*** DATASET SECTION

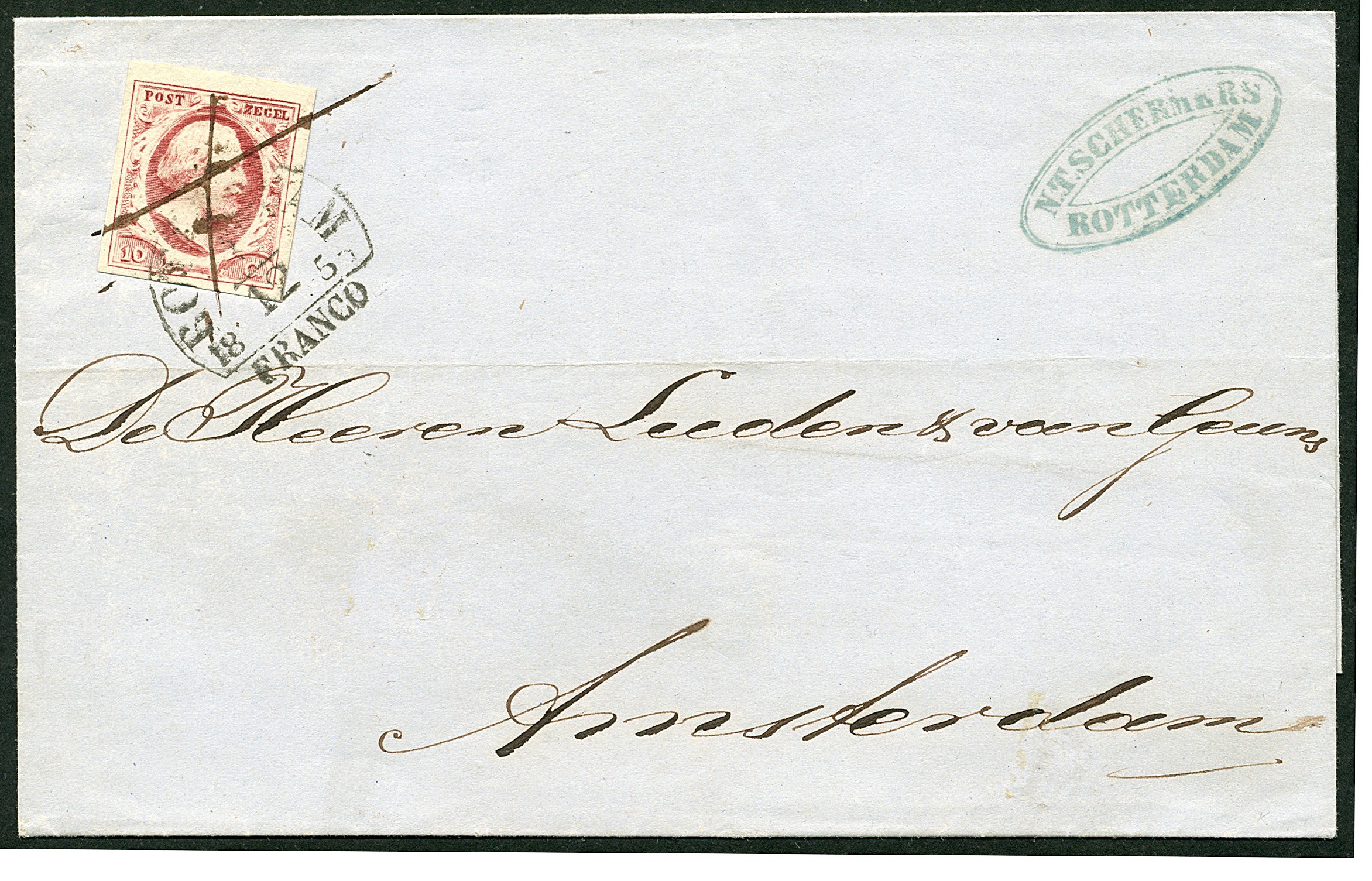 ROTTERDAM B groot (EY.150) op 10 cent nr. 2b-Pl.I. Vol tot breed gerand prachtex. met op de zegel te lichte afst. weshalve er nog met de pen een kruis doorheen werd getrokken, van 8-12-1853 naar Amsterdam 8-12-1853. Zie: Van Hussen blz. 30, afb. 27
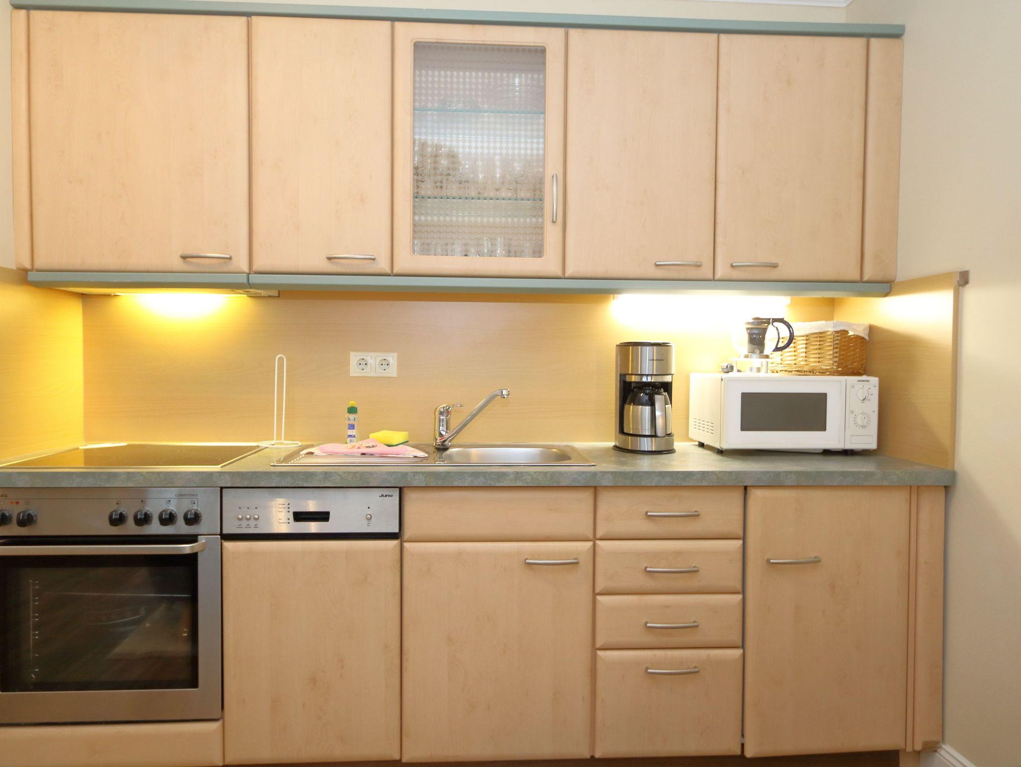 Die Küchenzeile ist mit Spülmaschine und Backofen, Toaster Microwelle und Kaffeemaschine sowie Wasserkocher und allen erforderlichen Küchenutensilien komplett ausgestattet.
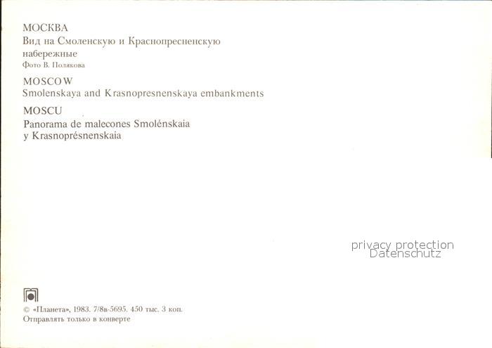 Moscow Moskva Smolenskaya Krasnopresnenskaya Promenade postalisch nicht gelaufen Keine Postkarte (siehe scan) Erhaltung siehe scans [NatalD47]
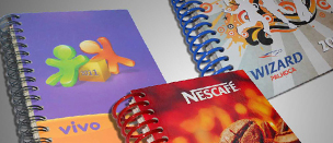 Cadernos personalizados, em papel reciclado ou off-set. Vários formatos.

******

Please reproduce nothing but the lines from the one containing "Die Küchenzeile ist" through the closing line of the listing, retyped word for word, pictures excluded.

 Die Küchenzeile ist mit Spülmaschine und Backofen, Toaster Microwelle und Kaffeemaschine sowie Wasserkocher und allen erforderlichen Küchenutensilien komplett ausgestattet.
 Moscow Moskva Smolenskaya Krasnopresnenskaya Promenade postalisch nicht gelaufen Keine Postkarte (siehe scan) Erhaltung siehe scans [NatalD47]
 Cadernos personalizados, em papel reciclado ou off-set. Vários formatos.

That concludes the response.